(Collaborative post by Mateusz “j00ru” Jurczyk and Gynvael Coldwind)
It was six weeks ago when we first introduced our effort to locate and eliminate the so-called double fetch (e.g. time-of-check-to-time-of-use during user-land memory access) vulnerabilities in operating system kernels through CPU-level operating system instrumentation, a project code-named “Bochspwn” as a reference to the x86 emulator used (bochs: The Open Source IA-32 Emulation Project). In addition to discussing the instrumentation itself in both our SyScan 2013 presentation and the whitepaper we released shortly thereafter, we also went to some lengths trying to explain the different techniques which could be chained together in order to successfully and optimally exploit kernel race conditions, on the example of an extremely constrained win32k!SfnINOUTSTYLECHANGE (CVE-2013-1254) double fetch fixed by Microsoft in March 2013.
The talk has yielded a few technical discussions involving a lot of smart guys, getting us to reconsider several aspects of race condition exploitation on x86, and resulting in plenty of new ideas and improvements to the techniques we originally came up with. In particular, we would like to thank Halvar Flake (@halvarflake) and Solar Designer (@solardiz) for their extremely insightful thoughts on the subject. While we decided against releasing another 70 page long LaTeX paper to cover the new material, this blog post is to provide you with a thorough follow-up on efficiently winning memory access race conditions on IA-32 and AMD64 CPUs, including all lessons learned during the recent weeks.

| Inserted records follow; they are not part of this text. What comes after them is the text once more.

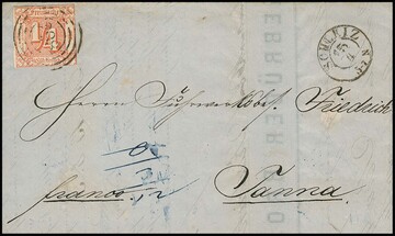 1/4 Sgr. rotorange, guter Taxisschnitt, einzeln auf Faltbrief mit NS "298" und K2 "Schleiz" nach Tanna, gemäß Postgenerale 1861 zum ermäßigten Sonderporto, der Empfänger mußte noch "3/12" (= 1/4) Sgr. Bestellgeld bezahlen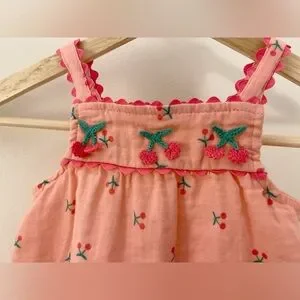 Sweet and playful btween 2T cherry-embroidered tank top in a soft peachy-pink cotton. This little top is covered in tiny stitched cherries, with three larger embroidered cherries across the chest and adorable scalloped straps + trim. Lightweight, breathable, and perfect for warm weather, photos, or everyday wear.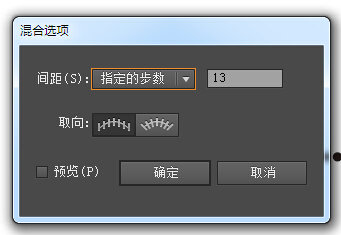 4,再次使用混合工具,将三组圆混合,同时调节混合选项。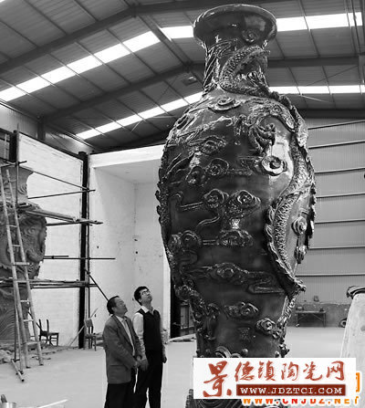景德鎮(zhèn)陶瓷網(wǎng)訊:高6.5米、最大直徑2.7米、重達(dá)7.8噸的世界最大巨型陶瓷九龍瓶在陶瓷名城山東省淄博市淄川區(qū)面世。據(jù)介紹,為了燒制最大園林陶瓷,中國陶瓷設(shè)計(jì)藝術(shù)大師、山東淄博辰浩雕塑藝術(shù)公司總經(jīng)理牛繼偉采用傳統(tǒng)制陶工藝,歷時(shí)16個(gè)月時(shí)間,消耗陶泥32噸,制作完成了世界最大巨型陶瓷九龍瓶,瓶身布滿了祥云,其間又穿插了9條形態(tài)各異的蛟龍,龍頭的浮雕高度達(dá)到0.3米。龍瓶的底座飾以水紋,象征財(cái)富。瓶,與“平”同音,寓意平安,九州同心,九九歸一。同時(shí),選擇淄博獨(dú)有的半無光釉——海水藍(lán)釉,經(jīng)過反復(fù)試驗(yàn),僅施釉就上了16遍,使整個(gè)瓶身通體油亮。經(jīng)過1280攝氏度高溫?zé)迫〉贸晒Α?/P>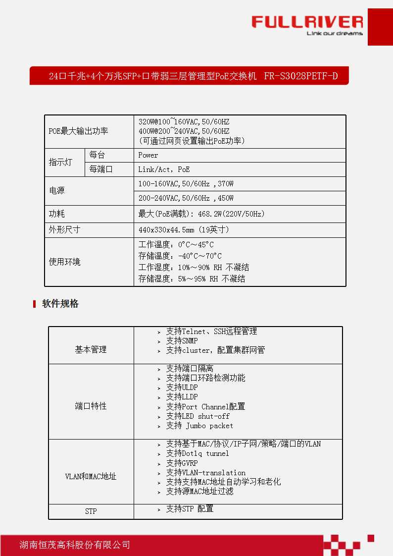 恒茂高科FULLRIVER 24口千兆+4个万兆SFP+口带弱三层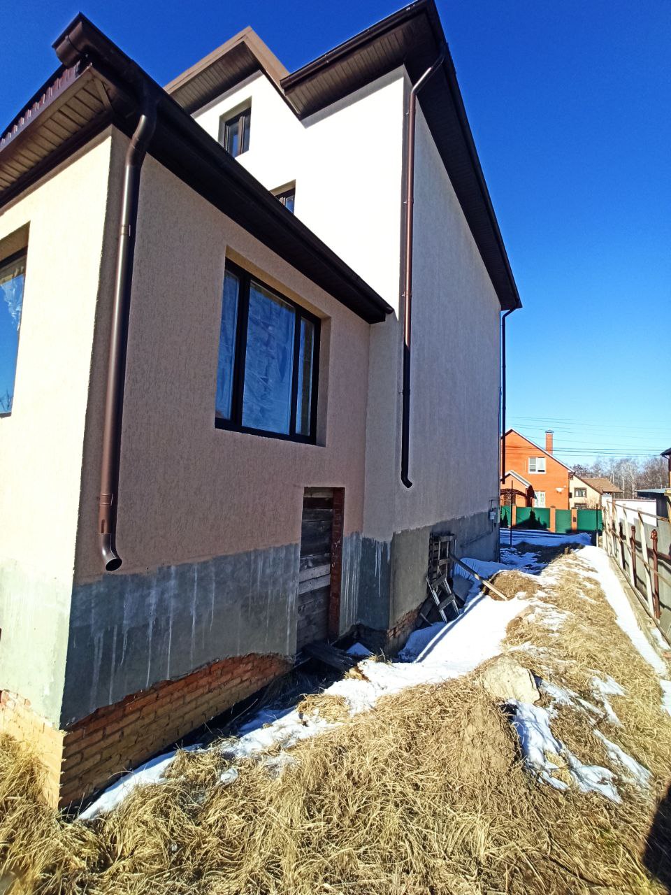 - Цокольный пояс — выраженная горизонталь на границе со цоколем.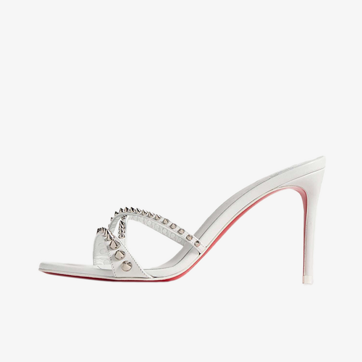 White Leather Sandal with Silver-Tone Studs

Please note that the information contained in this post is mostly relevant to timing-bound kernel security issues with really small windows (in the order of several instructions) and vulnerabilities which require a significant amount of race wins to succeed, such as limited memory disclosure bugs. For exploitation of all other problems, the CPU subtleties discussed here are probably not quite useful, as they can be usually exploited without going into this level of detail.
All experimental data presented in this post has been obtained using a hardware platform equipped with an Intel Xeon W3690 @3.47GHz CPU (with Hyper-Threading disabled) and DDR3 RAM, unless stated otherwise.